Die Fortuna muss sich ohne Zweifel um die eigene Abwehr kümmern. Im Schnitt kassierte das Team mehr als zwei Gegentreffer pro Spiel. In der Defensivabteilung der Biesdorfer knirscht es gewaltig, weshalb man weiter im Schlamassel steckt. Der Gast schafft es bislang nicht, der eigenen Hintermannschaft die nötige Stabilität zu verleihen, sodass man bereits 57 Gegentore verdauen musste. Der VfB Fortuna Biesdorf musste sich nun schon 14-mal in dieser Spielzeit geschlagen geben. Da die Fortuna insgesamt auch nur sieben Siege und zwei Unentschieden vorweisen kann, sind die Aussichten ziemlich düster.

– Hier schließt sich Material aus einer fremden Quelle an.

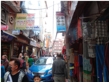
I huvudstaden Kathmandu är gatorna trånga. Fordonens signallhorn dominerar trafikens ljudbild.

Tillsammans med 13 kamrater gjorde jag en resa till Nepal under ett par veckor i början av mars i år (2015). Det var en fysisk utmaning eftersom vi cyklade tre dagar i backarna i och kring staden Pokhara och vandrade fem dagar i bergsområdet i västra Nepal. Den sista cykeldagen skulle vi ta oss upp för en mycket brant backe. Det var ett par mil cykling, bara uppför. Den sista backen var så brant att om man lutade sig lite för mycket framåt, slirade bakhjulet och om man lutade sig för mycket bakåt, stegrade sig cykeln.
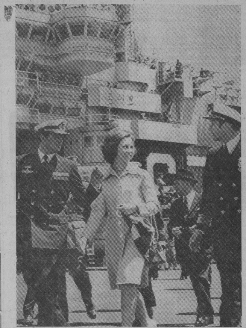
Rota (Cádiz).—Los Príncipes de España, don Juan Carlos y doña Sofía, acompañados por el embajador de los Estados Unidos en Madrid, durante su recorrido por el portaaviones «John F. Kennedy», anclado en aguas de la Base de Rota.

Mit insgesamt 34 Zählern befindet sich der TSV Rudow voll in der Spur. Die Formkurve des VfB Fortuna Biesdorf dagegen zeigt nach unten.
Am kommenden Freitag trifft der TSV Rudow auf den TSV Mariendorf 1897 (19:30 Uhr), die Fortuna reist tags darauf zu Zweitvertretung von VSG Altglienicke (14:00 Uhr).